_ENTRIES PROVIDED_
BEGIN
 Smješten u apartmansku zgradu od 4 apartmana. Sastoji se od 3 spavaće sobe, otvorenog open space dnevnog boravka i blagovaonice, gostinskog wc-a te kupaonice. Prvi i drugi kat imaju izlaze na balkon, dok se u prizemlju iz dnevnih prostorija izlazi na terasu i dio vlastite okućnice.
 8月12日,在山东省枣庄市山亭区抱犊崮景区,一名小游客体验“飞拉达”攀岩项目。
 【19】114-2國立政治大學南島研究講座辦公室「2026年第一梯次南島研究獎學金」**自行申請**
END
BEGIN
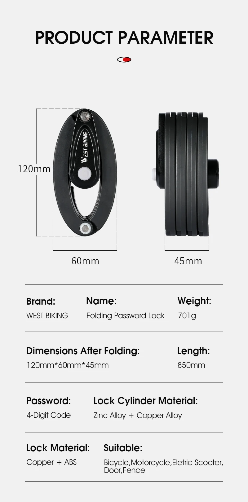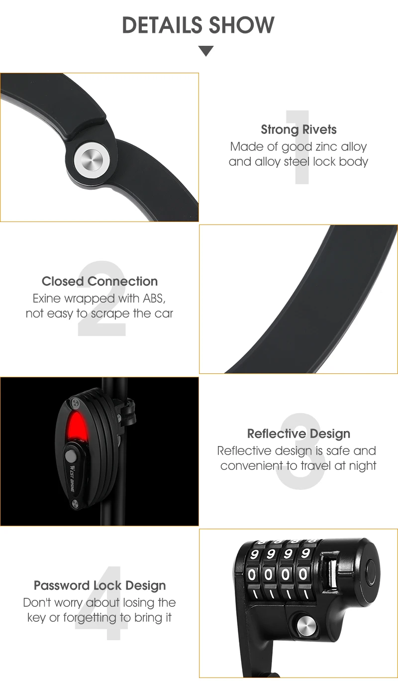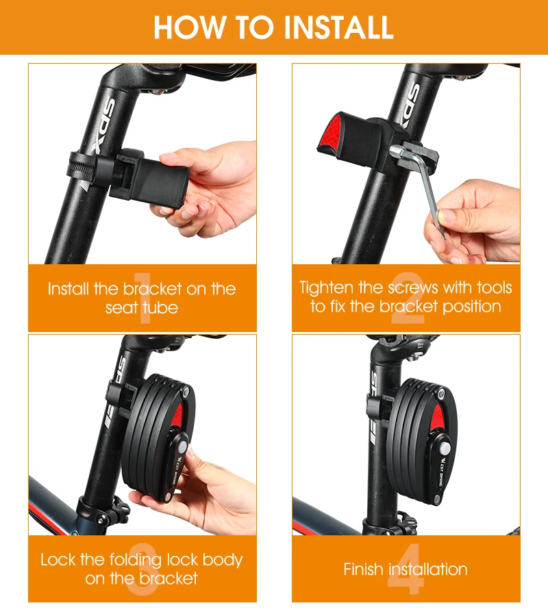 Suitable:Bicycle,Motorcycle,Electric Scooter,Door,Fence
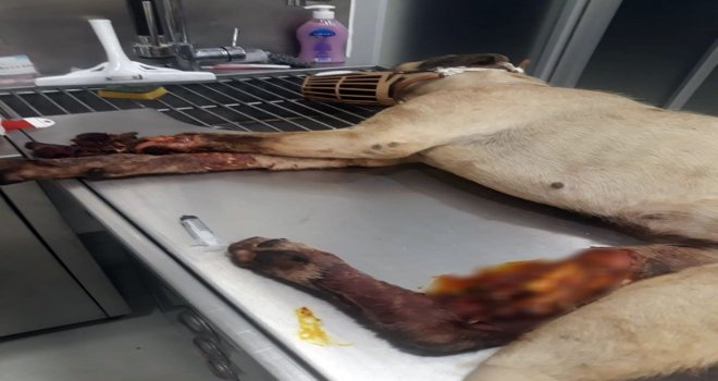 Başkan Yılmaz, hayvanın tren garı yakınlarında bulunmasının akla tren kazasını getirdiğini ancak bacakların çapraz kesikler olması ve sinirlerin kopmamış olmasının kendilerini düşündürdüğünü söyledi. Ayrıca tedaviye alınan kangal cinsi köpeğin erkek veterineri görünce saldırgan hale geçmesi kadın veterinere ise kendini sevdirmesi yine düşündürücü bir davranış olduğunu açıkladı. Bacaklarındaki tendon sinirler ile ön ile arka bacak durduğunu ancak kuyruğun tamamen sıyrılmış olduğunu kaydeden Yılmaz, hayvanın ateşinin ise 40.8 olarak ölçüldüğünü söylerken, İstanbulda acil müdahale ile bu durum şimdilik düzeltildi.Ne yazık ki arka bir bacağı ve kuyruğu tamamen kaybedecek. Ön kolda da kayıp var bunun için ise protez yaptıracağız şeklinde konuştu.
END
BEGIN
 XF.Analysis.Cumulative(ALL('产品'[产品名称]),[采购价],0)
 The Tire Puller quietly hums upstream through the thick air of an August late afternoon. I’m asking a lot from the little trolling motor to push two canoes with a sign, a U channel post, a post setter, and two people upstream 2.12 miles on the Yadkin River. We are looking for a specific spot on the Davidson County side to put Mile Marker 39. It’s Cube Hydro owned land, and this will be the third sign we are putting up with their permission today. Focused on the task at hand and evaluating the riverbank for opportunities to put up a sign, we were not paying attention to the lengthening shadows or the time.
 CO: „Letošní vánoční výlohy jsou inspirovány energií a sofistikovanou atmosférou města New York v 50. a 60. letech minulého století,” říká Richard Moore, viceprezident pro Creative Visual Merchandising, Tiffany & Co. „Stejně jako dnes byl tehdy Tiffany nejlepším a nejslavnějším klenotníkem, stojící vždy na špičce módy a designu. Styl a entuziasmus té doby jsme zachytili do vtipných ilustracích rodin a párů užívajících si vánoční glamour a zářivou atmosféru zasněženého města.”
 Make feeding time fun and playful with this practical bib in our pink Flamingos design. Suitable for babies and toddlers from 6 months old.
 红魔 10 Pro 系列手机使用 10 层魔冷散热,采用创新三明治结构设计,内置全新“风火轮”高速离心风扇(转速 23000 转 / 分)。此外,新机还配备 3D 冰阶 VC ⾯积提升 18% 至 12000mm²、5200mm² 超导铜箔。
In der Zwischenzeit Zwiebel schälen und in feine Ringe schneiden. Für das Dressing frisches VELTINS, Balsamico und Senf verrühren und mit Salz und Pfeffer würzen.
END
_EXERCISE DETAILS_
Search the entries for the word "with", then copy every line in which it is found.

_RESPONSE BOX_
 The Tire Puller quietly hums upstream through the thick air of an August late afternoon. I’m asking a lot from the little trolling motor to push two canoes with a sign, a U channel post, a post setter, and two people upstream 2.12 miles on the Yadkin River. We are looking for a specific spot on the Davidson County side to put Mile Marker 39. It’s Cube Hydro owned land, and this will be the third sign we are putting up with their permission today. Focused on the task at hand and evaluating the riverbank for opportunities to put up a sign, we were not paying attention to the lengthening shadows or the time.
 Make feeding time fun and playful with this practical bib in our pink Flamingos design. Suitable for babies and toddlers from 6 months old.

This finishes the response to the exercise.